The title and content reflect the impact that William Klein’s 1966 film had on me. Qui êtes vous, Polly Maggoo? starring Dorothy McGowan, was a seminal period work; it did for make-up what Allen Jones did for shoes; it made make-up iconic and kitsch, ripe for examination, a subject for art, and it definitely got me out of the closet. This image makes considerable reference to scenes in Klein's film. Polly had a collage in her Paris appartement; the one in the middle frame was in my studio in the sixties. The optical art target features in the film as the emblem of Prince Igor's House of Borodine; 'op art' hails from the 60s and targets were often used by pop artists too. (In the titles and subtitles for the film, designed by Klein himself, the spelling is Maggoo but on the in-shot clapper board, it is Magoo.) The film searches for the real Polly; "Your life is a masquerade"; "That girl wears a mask. What's behind it?".

In my image, the subtitle reads "Va chercher la vérité sous le maquillage". The hidden text reads: "… un symbole d’élégance et de sophistication. J’ai l’impression que tout ça signifie un jeu. Vous jouez. Votre vie de mannequin est un mascarade. Vous jouez et les autres vous aident à jouer. La Bonne Fée vous a frappé …"

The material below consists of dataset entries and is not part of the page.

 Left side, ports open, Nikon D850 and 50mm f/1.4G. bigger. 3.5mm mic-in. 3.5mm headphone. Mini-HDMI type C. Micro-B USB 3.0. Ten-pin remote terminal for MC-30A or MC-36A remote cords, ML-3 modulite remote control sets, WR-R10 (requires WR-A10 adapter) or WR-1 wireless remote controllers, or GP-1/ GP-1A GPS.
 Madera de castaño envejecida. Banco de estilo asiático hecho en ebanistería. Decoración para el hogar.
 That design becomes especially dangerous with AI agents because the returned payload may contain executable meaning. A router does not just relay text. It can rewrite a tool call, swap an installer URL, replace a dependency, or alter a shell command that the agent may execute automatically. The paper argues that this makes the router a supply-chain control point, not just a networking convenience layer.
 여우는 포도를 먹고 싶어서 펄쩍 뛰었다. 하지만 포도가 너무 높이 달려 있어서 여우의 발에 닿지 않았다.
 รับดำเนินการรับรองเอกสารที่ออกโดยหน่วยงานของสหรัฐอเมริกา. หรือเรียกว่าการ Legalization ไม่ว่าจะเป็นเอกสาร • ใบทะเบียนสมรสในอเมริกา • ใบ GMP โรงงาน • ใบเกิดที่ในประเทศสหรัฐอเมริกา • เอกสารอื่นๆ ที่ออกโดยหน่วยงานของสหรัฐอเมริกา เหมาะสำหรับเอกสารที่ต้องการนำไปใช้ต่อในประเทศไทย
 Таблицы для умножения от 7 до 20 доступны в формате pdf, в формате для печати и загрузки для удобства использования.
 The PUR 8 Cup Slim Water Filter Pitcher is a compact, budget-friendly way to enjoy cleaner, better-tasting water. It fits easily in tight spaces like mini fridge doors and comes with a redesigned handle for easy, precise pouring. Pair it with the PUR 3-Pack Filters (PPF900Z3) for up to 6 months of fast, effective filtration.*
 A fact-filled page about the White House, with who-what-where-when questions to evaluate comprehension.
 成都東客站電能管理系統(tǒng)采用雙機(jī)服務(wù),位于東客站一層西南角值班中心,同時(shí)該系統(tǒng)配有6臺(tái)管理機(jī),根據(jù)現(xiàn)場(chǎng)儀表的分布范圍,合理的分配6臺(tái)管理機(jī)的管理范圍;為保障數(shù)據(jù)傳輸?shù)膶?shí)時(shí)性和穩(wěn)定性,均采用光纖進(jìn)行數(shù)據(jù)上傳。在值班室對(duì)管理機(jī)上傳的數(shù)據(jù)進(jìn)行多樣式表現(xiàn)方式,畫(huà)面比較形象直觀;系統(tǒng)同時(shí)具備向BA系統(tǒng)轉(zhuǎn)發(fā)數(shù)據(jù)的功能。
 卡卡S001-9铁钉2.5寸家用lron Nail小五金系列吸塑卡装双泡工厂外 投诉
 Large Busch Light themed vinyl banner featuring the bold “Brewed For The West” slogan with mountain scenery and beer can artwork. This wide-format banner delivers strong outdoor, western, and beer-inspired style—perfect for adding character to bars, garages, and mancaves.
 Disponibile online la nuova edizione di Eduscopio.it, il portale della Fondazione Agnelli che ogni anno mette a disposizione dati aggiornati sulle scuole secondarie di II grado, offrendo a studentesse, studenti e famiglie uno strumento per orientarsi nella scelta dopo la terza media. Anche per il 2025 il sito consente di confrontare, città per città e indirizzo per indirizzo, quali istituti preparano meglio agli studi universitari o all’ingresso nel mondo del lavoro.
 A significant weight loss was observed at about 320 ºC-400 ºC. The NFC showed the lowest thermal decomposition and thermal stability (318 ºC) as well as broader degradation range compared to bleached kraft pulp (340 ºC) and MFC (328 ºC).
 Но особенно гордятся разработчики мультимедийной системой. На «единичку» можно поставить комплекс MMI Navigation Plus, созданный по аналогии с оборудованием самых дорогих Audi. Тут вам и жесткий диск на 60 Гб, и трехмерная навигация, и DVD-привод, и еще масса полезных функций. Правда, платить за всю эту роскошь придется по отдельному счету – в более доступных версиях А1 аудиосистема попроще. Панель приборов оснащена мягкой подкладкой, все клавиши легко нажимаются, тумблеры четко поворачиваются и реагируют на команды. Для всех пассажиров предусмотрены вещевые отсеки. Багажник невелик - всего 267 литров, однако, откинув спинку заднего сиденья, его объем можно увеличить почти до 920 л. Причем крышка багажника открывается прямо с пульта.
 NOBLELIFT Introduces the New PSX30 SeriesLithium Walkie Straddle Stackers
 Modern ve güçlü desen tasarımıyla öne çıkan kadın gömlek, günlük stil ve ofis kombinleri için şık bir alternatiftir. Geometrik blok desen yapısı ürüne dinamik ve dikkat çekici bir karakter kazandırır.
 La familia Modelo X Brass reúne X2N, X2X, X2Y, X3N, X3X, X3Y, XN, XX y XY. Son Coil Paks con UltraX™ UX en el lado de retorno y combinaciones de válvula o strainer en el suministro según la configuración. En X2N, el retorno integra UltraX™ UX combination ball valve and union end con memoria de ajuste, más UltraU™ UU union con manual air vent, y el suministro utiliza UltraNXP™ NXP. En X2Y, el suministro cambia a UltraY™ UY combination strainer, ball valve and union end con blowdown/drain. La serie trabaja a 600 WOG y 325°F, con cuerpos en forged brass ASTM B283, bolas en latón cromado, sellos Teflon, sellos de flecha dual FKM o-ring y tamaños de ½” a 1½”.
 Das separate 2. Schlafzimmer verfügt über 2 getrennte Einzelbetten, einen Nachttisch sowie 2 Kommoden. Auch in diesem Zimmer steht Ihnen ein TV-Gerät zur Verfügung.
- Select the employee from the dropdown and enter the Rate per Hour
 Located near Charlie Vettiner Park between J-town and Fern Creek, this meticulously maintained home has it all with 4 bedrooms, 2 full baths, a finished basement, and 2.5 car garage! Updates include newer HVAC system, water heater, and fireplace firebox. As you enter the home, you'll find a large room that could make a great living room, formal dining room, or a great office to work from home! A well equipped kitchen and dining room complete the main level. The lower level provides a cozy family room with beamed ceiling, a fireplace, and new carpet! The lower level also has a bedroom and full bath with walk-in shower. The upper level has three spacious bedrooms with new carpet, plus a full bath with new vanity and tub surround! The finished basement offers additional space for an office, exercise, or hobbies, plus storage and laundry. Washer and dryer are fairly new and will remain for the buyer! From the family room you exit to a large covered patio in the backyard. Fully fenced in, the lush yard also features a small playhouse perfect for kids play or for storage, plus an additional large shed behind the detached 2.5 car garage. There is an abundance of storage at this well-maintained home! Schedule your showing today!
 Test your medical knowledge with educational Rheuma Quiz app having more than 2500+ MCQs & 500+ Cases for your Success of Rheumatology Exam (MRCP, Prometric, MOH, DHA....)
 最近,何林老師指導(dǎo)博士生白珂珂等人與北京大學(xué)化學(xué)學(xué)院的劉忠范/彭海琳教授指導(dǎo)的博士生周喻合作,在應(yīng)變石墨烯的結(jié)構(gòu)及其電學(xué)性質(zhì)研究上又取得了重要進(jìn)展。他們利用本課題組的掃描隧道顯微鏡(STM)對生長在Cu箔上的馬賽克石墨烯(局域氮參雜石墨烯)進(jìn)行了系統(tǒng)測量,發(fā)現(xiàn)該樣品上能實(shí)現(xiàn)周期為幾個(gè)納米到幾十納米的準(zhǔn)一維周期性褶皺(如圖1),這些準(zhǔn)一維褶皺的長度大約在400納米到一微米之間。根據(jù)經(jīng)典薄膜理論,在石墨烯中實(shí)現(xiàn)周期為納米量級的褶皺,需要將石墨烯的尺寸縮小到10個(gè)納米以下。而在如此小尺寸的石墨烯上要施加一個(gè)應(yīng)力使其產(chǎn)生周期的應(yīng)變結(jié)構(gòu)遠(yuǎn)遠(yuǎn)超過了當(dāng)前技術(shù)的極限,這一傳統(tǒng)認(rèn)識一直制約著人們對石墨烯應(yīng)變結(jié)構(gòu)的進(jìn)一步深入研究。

 During my career, I have worked with a broad range of film media, from the smallest movie stock to 5x4 sheet film. Here three monochrome stills, shot on a medium format camera, are presented as if on 35mm movie colour comopt print stock – except that movie film would not normally have three radically different frames in succession. I don't know if Klein shot on 35mm – he probably did – but from the grotty print I saw, it could have been on 16mm!